“Seize your chances, m’dear. A good man doesn’t turn up on your doorstep everyday.”
The “good man” being, of course, Gabe McBride.
Freddie supposed he was good. By some accounts anyway. He was certainly working hard at the Gazette. And anyone who drove Percy crazy-which the village grapevine assured her he was doing-couldn’t be all bad.
But more than he was a good man, he was a dangerous one. At least when it came to Freddie’s peace of mind.
She hadn’t got a good night’s sleep since he’d arrived. She was too conscious of his footsteps above her head when she went to sleep at night, too aware of him whenever they sat across the table at mealtimes, and last night she’d almost jumped out of her skin when he’d deliberately reached out and touched her hand!
What did he think he was doing?
Don’t be daft, Freddie, she admonished herself. It was clear what he was doing: he was coming on to her.
Flirting with her. Looking at her as if it was only a matter of time until there would be more between them than the fifteen pounds a night he was paying for his room.
She resisted even thinking in terms of “bed-and-breakfast” where Gabe McBride was concerned.

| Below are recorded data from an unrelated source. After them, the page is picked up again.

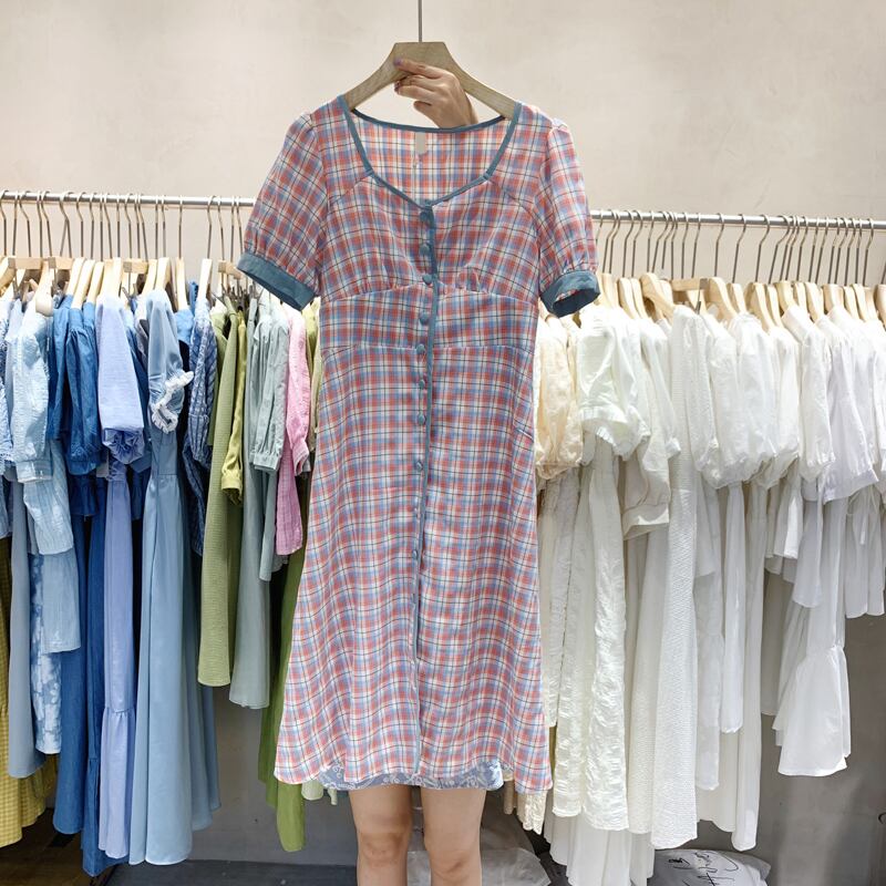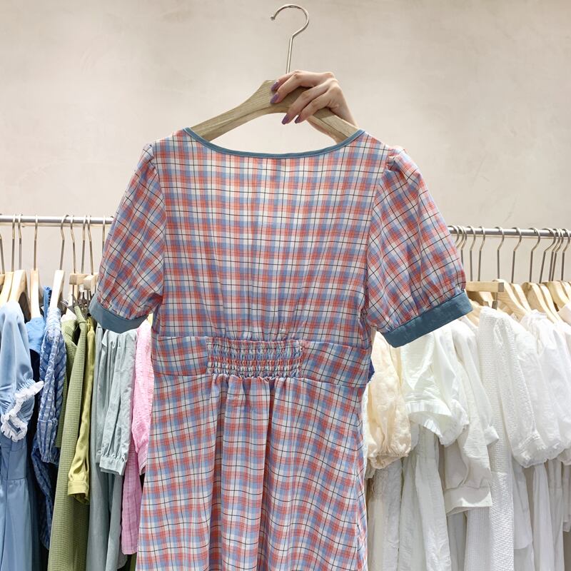新品 サマードレス ワンピースバックストレッチスリム♥カワイイ♥チェック柄 エラスティック 伸縮 夏物 ⦿韓国 オルチャン K-pop アイドル ジャケット スーツ ワンピース カーディガン ニット フーディー トレーナー キャミソール スカート シャツ ブラウス 5B4681968
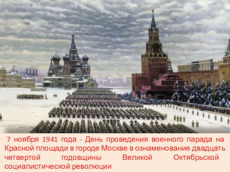 Слайд 137 ноября 1941 года - День проведения военного парада на Красной
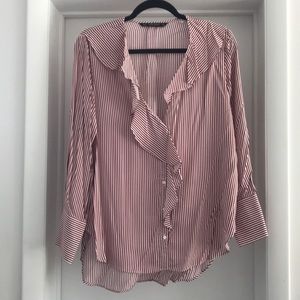 Zara Red Striped Ruffle Blouse **Like New (Only worn once!) Color: Red Size: M
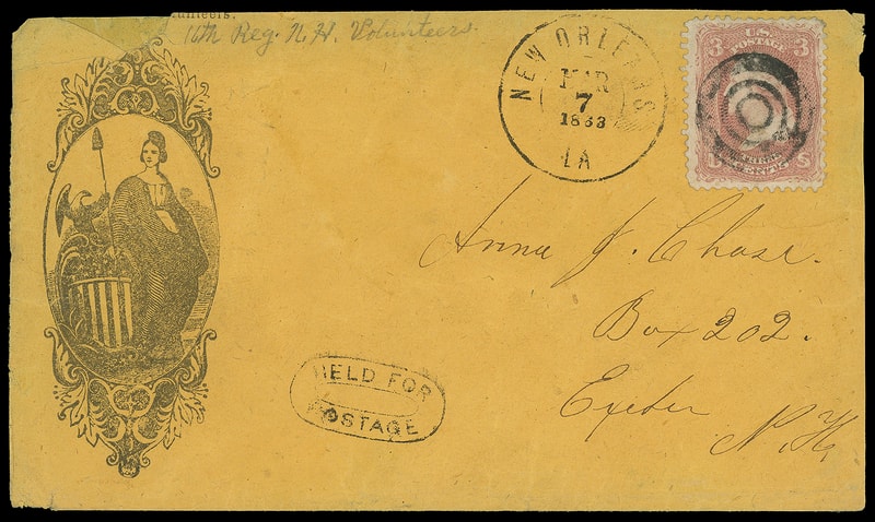 16th Reg. N.H. Volunteers, regimental patriotic design showing Lady Liberty, Eagle and Shield on cover bearing 3¢ rose (65), canceled by four-ring target duplexed with "New Orleans La., Mar 7, 1863" cds to Exeter N.H., neat New Orleans " Held for Postage " double-oval handstamp and additional "New Orleans La., Apr 18, 1863" cds backstamp; some paper torn away at top left and reverse, Fine.
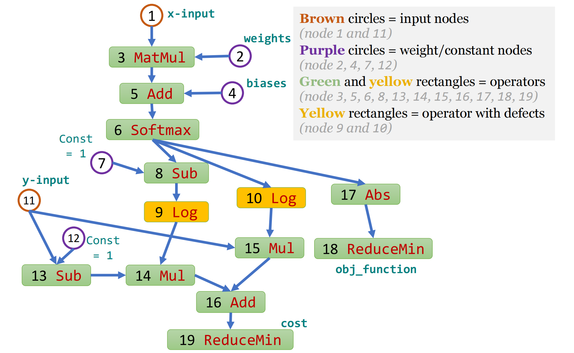 Definition. For the given computational graph \(\mathcal{G} = \langle\mathcal{V}, \mathcal{E} \rangle\), if there is a node \(n_0 \in \mathcal{V}\), such that there exists a valid input and valid weights that can let the input of node \(n_0\) fall within the invalid range, we say there is a numerical defect at node \(n_0\). Formally, \(\exists \mathbfit{x}_0 \in \mathcal{X}_{\textsf{valid}}, \mathbfit{w}_0 \in \mathcal{W}_{\textsf{valid}}, f_{n_0}^{\textsf{in}}(\mathbfit{x}_0; \mathbfit{w}_0) \in \mathcal{I}_{n_0,\textsf{invalid}} \Longrightarrow\) \(\exists\) numerical defect at node \(n_0\).
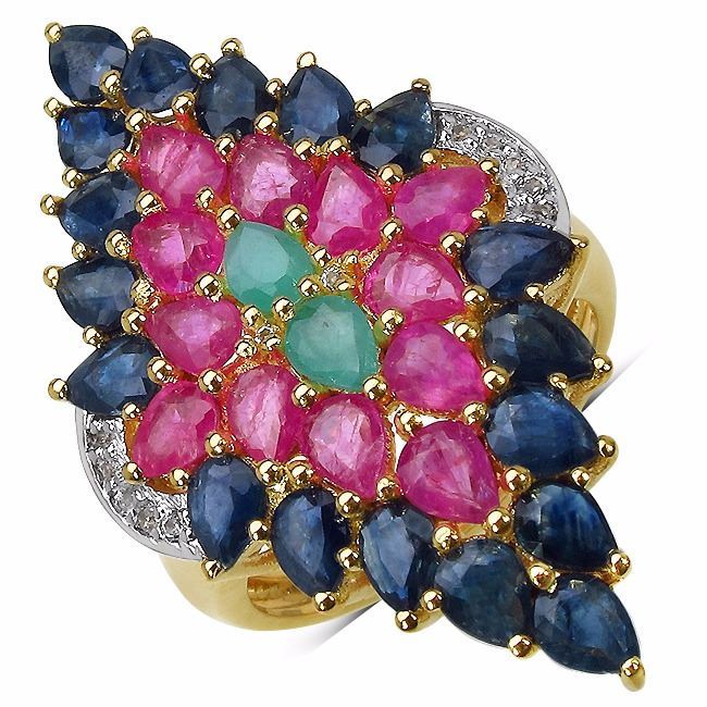 STERLING SILVER BRAZILIAN SAKOTA EMERALD, RUBY AND SAPPHIRE RING
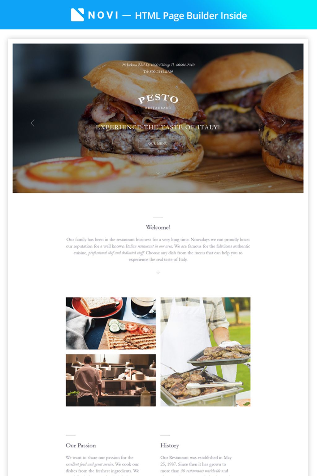 Лендинг шаблон одностраничника - Pesto - Elegant Restaurant Template Compatible with Novi Builder Landing Page Template, хорошо подходит для сайтов на тему Итальянский ресторан.
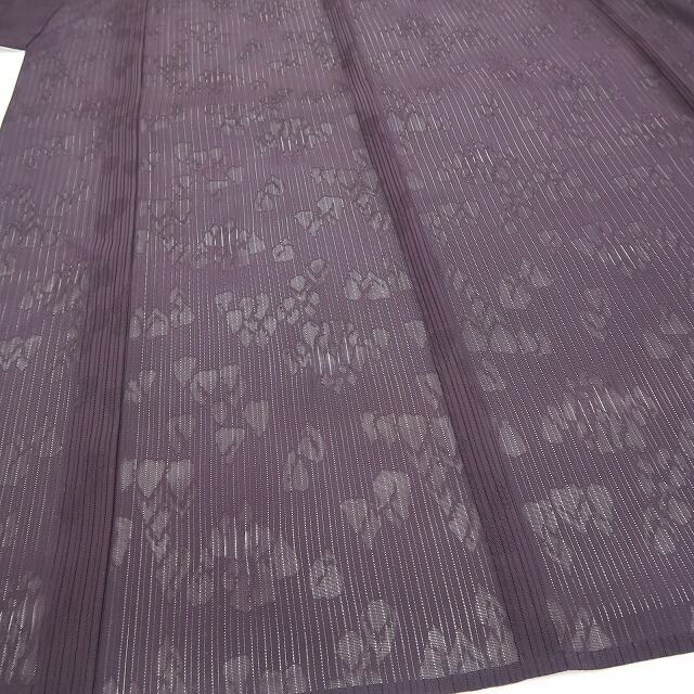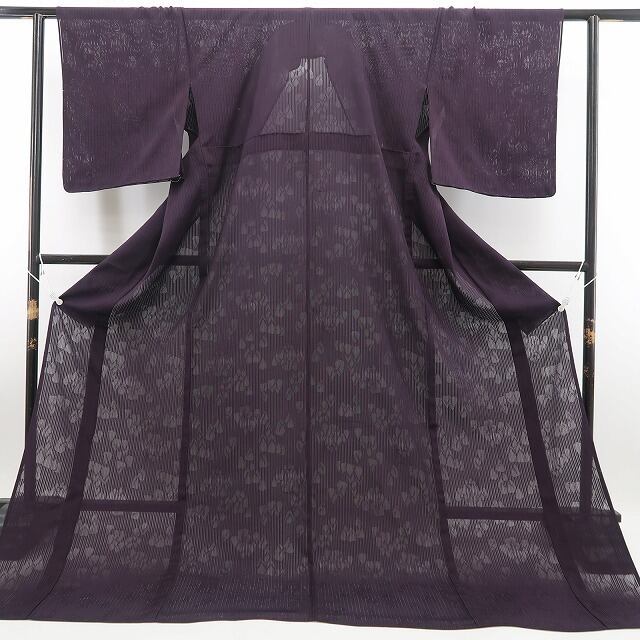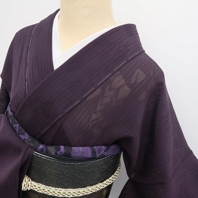 シックな減紫色が大人の雰囲気を漂わせる、縦絽の色無地。トールサイズのお品でございます。
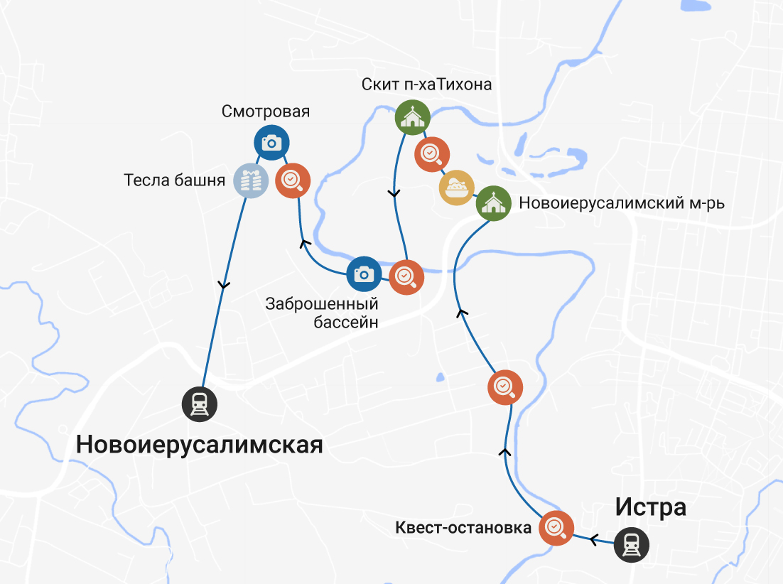 Город Истра находится в тихом зелёном районе на северо-западе от Москвы. Рядом – река Истра и холмы, поросшие лесом, а главная достопримечательность здесь – Новоиерусалимский мужской монастырь. Во время квеста участники узнают городские легенды Истры и тайны монастыря, посетят заброшенный бассейн, который стал настоящим арт-объектом. А ещё погуляют вдоль реки и поднимутся на гору с панорамным видом на монастырский комплекс. Ну, а самый загадочный объект будет ждать в финале прогулки... ;)
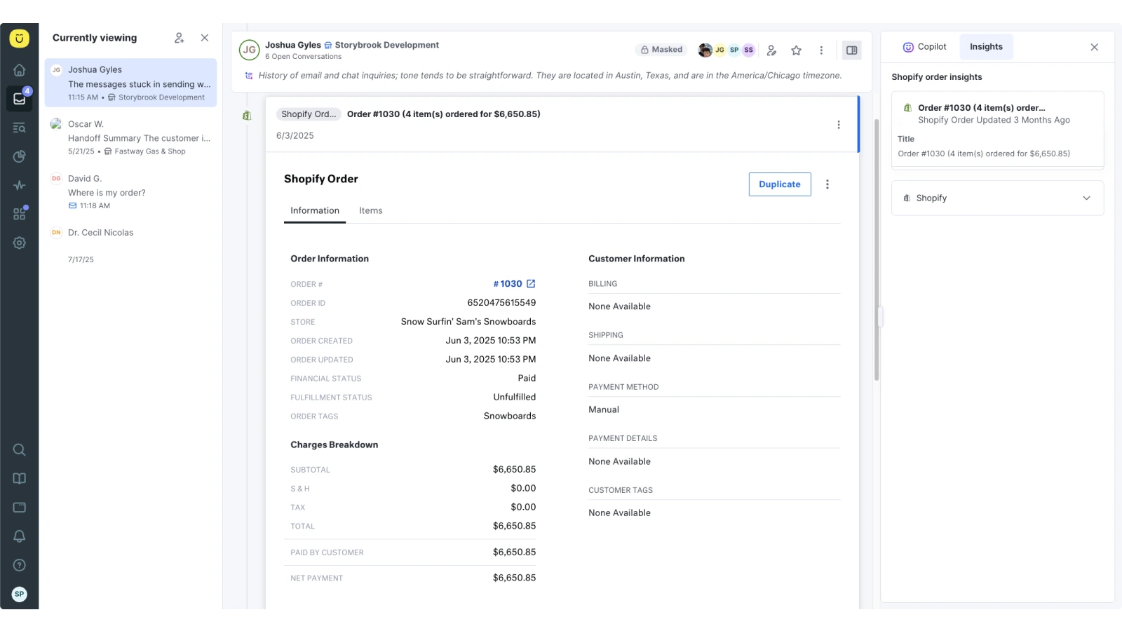 A chronological timeline view tracks and manages past and present interactions and Shopify orders all in one actionable agent workspace.

The “bed” part seemed far too intimate.
“Be good for the little tackers to have a man around, too,” Mrs. Peek went on, unaware of the turmoil going on in Freddie’s mind. “Likes ’em, I can tell.”
And they adored him. The children were enthralled to have a real-live Montana cowboy living in their house. Once Emma had adjusted her definition of “cowboy,” she’d been as enchanted as Charlie. Freddie tried to stop them bothering him, but he brushed off her concern.
He let Charlie clump around the house in his cowboy boots and wear his belt hitched tight enough so that it circled her son’s narrow waist and proclaimed him the Salinas Champion Bull Rider.